Supplied material
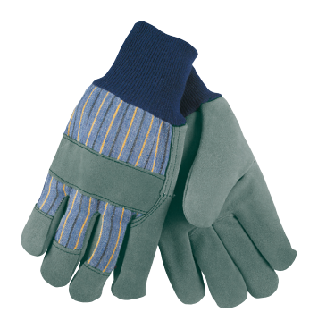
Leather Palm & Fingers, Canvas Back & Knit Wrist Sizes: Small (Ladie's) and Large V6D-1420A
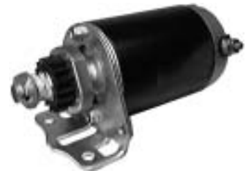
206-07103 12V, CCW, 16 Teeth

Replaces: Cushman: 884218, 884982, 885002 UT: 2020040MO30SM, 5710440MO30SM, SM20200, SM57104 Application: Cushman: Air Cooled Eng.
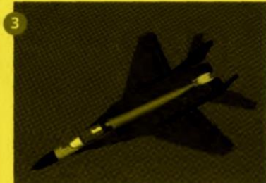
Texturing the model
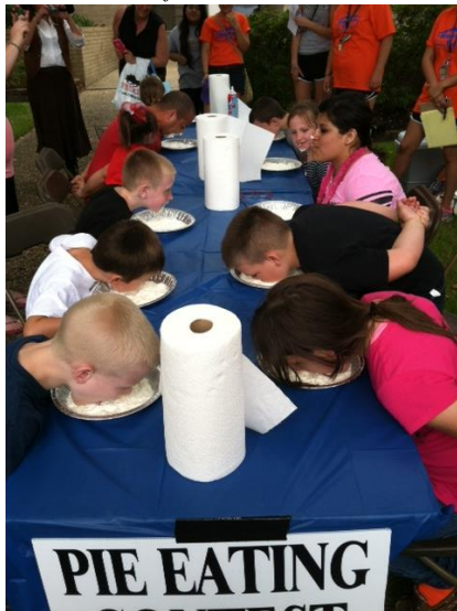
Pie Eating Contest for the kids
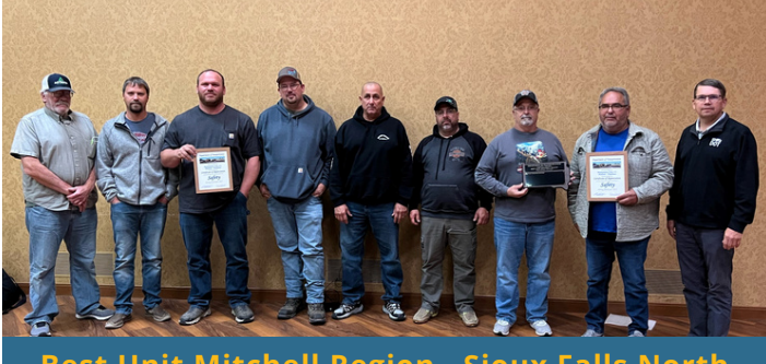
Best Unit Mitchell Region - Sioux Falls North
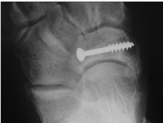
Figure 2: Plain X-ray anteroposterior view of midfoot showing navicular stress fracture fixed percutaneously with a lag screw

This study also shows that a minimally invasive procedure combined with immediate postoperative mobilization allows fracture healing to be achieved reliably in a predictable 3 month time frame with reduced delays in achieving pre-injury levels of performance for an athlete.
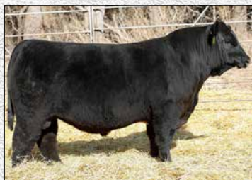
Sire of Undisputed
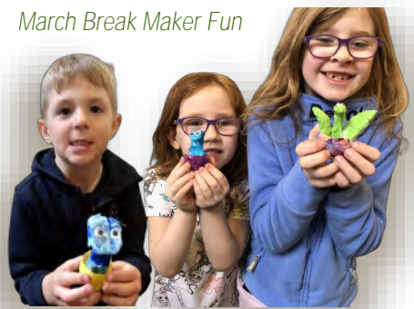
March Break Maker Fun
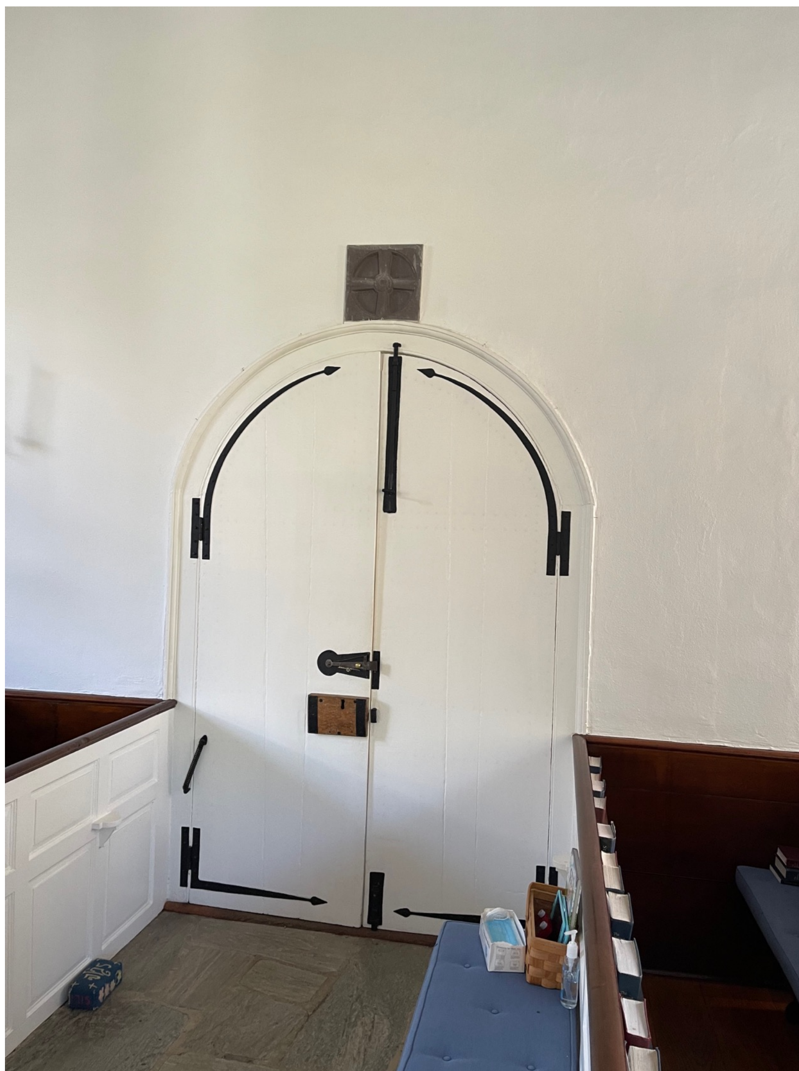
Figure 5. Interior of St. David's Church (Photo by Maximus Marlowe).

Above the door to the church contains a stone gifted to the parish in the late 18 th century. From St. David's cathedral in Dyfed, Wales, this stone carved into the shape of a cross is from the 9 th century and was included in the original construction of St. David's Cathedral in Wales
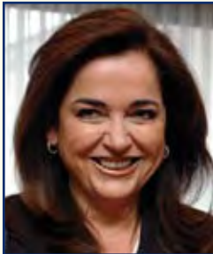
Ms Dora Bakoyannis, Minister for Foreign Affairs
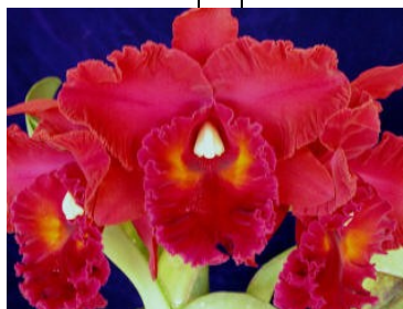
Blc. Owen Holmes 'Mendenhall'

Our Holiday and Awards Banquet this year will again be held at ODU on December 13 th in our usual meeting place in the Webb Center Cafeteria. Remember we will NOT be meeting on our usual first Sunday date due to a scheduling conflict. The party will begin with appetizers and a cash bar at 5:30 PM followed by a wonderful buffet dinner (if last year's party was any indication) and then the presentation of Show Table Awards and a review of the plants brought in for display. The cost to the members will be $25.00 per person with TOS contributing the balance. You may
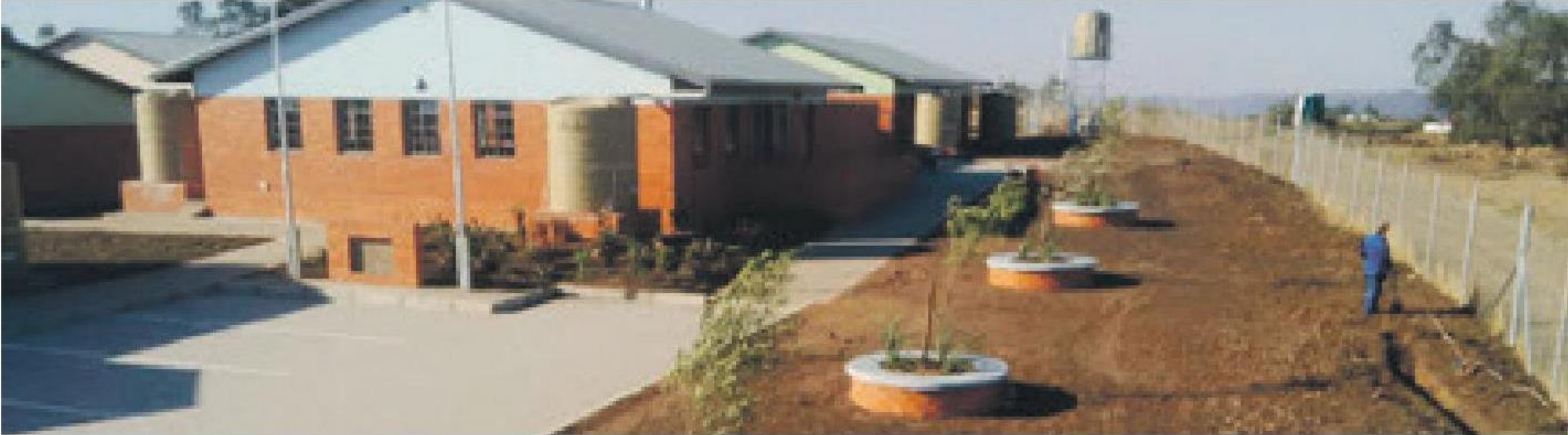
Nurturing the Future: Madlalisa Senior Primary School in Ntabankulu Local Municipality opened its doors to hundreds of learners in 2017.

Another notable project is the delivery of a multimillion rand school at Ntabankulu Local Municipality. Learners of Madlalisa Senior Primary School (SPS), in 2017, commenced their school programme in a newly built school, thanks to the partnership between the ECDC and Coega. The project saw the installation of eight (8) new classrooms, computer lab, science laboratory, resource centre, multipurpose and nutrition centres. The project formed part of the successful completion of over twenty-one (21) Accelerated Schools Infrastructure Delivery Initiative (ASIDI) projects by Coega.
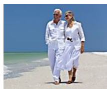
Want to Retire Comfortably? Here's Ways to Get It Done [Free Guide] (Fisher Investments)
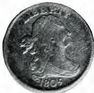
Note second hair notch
...
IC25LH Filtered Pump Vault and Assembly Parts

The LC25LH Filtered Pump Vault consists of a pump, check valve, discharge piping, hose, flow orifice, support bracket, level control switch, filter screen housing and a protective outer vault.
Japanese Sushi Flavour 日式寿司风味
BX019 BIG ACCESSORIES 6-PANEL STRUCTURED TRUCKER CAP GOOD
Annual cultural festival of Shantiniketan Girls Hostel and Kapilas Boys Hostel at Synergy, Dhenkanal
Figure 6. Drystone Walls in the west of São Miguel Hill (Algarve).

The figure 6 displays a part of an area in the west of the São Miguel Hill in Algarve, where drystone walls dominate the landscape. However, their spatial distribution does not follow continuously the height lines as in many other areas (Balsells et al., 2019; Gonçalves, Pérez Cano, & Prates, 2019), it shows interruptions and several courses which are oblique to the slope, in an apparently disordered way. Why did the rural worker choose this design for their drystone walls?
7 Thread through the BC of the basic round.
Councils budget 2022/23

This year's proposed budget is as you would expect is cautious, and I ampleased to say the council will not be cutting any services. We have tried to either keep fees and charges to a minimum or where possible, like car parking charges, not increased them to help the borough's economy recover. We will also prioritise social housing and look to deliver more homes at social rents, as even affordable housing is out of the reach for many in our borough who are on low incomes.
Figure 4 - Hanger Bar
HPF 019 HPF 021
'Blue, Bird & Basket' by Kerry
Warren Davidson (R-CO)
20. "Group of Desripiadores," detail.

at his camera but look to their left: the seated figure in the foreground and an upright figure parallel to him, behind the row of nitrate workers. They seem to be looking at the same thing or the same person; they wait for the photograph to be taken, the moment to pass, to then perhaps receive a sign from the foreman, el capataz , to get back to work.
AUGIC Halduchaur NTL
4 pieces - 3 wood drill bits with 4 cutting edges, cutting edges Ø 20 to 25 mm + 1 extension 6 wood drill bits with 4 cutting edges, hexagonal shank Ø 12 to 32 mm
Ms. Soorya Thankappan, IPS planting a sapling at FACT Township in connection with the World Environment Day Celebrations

Your objective
Beginning with the line that contains "Leather Palm &", write out the lines of the material above exactly, and end with the line that contains "Nurturing the Future: Madlalisa". Omit the pictures.

Your response
Leather Palm & Fingers, Canvas Back & Knit Wrist Sizes: Small (Ladie's) and Large V6D-1420A
206-07103 12V, CCW, 16 Teeth

Replaces: Cushman: 884218, 884982, 885002 UT: 2020040MO30SM, 5710440MO30SM, SM20200, SM57104 Application: Cushman: Air Cooled Eng.
Texturing the model
Pie Eating Contest for the kids
Best Unit Mitchell Region - Sioux Falls North
Figure 2: Plain X-ray anteroposterior view of midfoot showing navicular stress fracture fixed percutaneously with a lag screw

This study also shows that a minimally invasive procedure combined with immediate postoperative mobilization allows fracture healing to be achieved reliably in a predictable 3 month time frame with reduced delays in achieving pre-injury levels of performance for an athlete.
Sire of Undisputed
March Break Maker Fun
Figure 5. Interior of St. David's Church (Photo by Maximus Marlowe).

Above the door to the church contains a stone gifted to the parish in the late 18 th century. From St. David's cathedral in Dyfed, Wales, this stone carved into the shape of a cross is from the 9 th century and was included in the original construction of St. David's Cathedral in Wales
Ms Dora Bakoyannis, Minister for Foreign Affairs
Blc. Owen Holmes 'Mendenhall'

Our Holiday and Awards Banquet this year will again be held at ODU on December 13 th in our usual meeting place in the Webb Center Cafeteria. Remember we will NOT be meeting on our usual first Sunday date due to a scheduling conflict. The party will begin with appetizers and a cash bar at 5:30 PM followed by a wonderful buffet dinner (if last year's party was any indication) and then the presentation of Show Table Awards and a review of the plants brought in for display. The cost to the members will be $25.00 per person with TOS contributing the balance. You may
Nurturing the Future: Madlalisa Senior Primary School in Ntabankulu Local Municipality opened its doors to hundreds of learners in 2017.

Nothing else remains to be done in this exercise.